Удручённые своим невезением, мы уже подумывали было бросить техникум и снова уйти на завод, как вдруг перед нами заблистала такая ослепительная перспектива, что жизнь снова показалась прекрасной и удивительной. Неожиданно для всех мы как звери набросились на учёбу, получали сплошные пятёрки, радуя махнувших было на нас рукой преподавателей и приводя в умиление мам. Они и не подозревали, что мы взялись за ум не потому, что возвратились на путь добродетели, а потому, что решили «мотнуть клубок».
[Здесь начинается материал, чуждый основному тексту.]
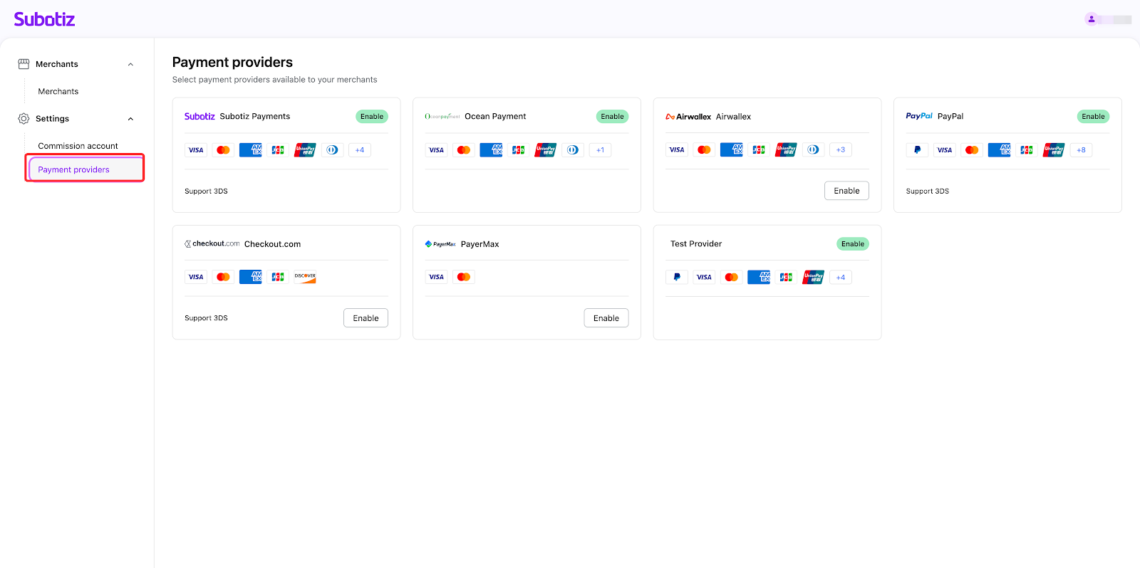 - Get started: Go to Settings>Payment providers to access the setup page. It shows all of the payment providers we support currently, including Subotiz Payments, Ocean Payment, Airwallex, PayPal, Checkout.com, and PayerMax.

История этого термина такова. Как-то мы вычитали у Анатоля Франса притчу, которая чрезвычайно нам понравилась. Злой гений всучил ребёнку волшебный клубок и предупредил: не трогаешь его — жизнь стоит на месте, чуточку потянешь за нитку — дни медленно потекут, дёрнешь сильнее — дни помчатся вскачь. Не в силах преодолеть такое искушение, несмышлёныш начал вовсю мотать клубок: сначала для того, чтобы побыстрее стать взрослым и жениться на любимой, потом — чтобы добиться почестей, должностей и денег, узнать судьбу своих детей, потом, чтобы избавиться от жизни, ставшей невыносимой из-за старческих недугов и разочарований. С того момента, когда волшебник подарил ему клубок, мальчишка прожил четыре месяца…
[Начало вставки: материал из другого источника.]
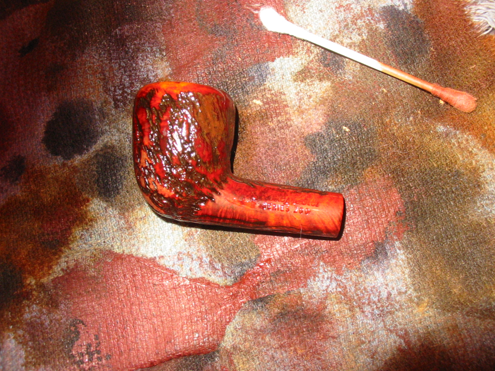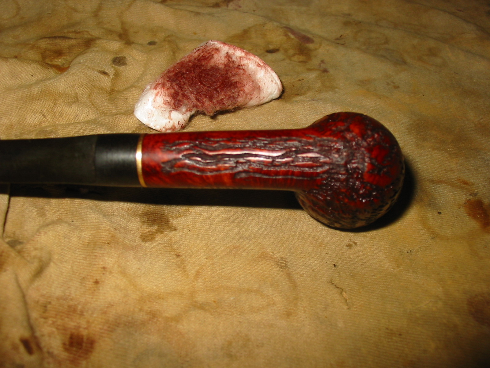 I restained the pipe with a Danish Oil Cherry stain applied with a cotton pad. I need to be able to work the stain into the deep rustication and also on to the smooth portions of the shank and rim. The rim took several applications to match the rest of the bowl.

Мудрая концовка — такой она кажется мне с высоты сорока лет; но тогда она обескуражила нас не больше, чем еретика намалёванные на церковных стенах картины страшного суда. Жизнь, стиснутая в один вулканический взрыв, — разве это не достойно восхищения? Как и все мальчишки, у которых эмоций куда больше, чем мозгов, мы ударились в мечты: «Нам бы такой клубок — вот дел бы натворили! Сначала намотали бы годика два, чтобы попасть на фронт, потом раз, два — и войне конец, а там видно будет…»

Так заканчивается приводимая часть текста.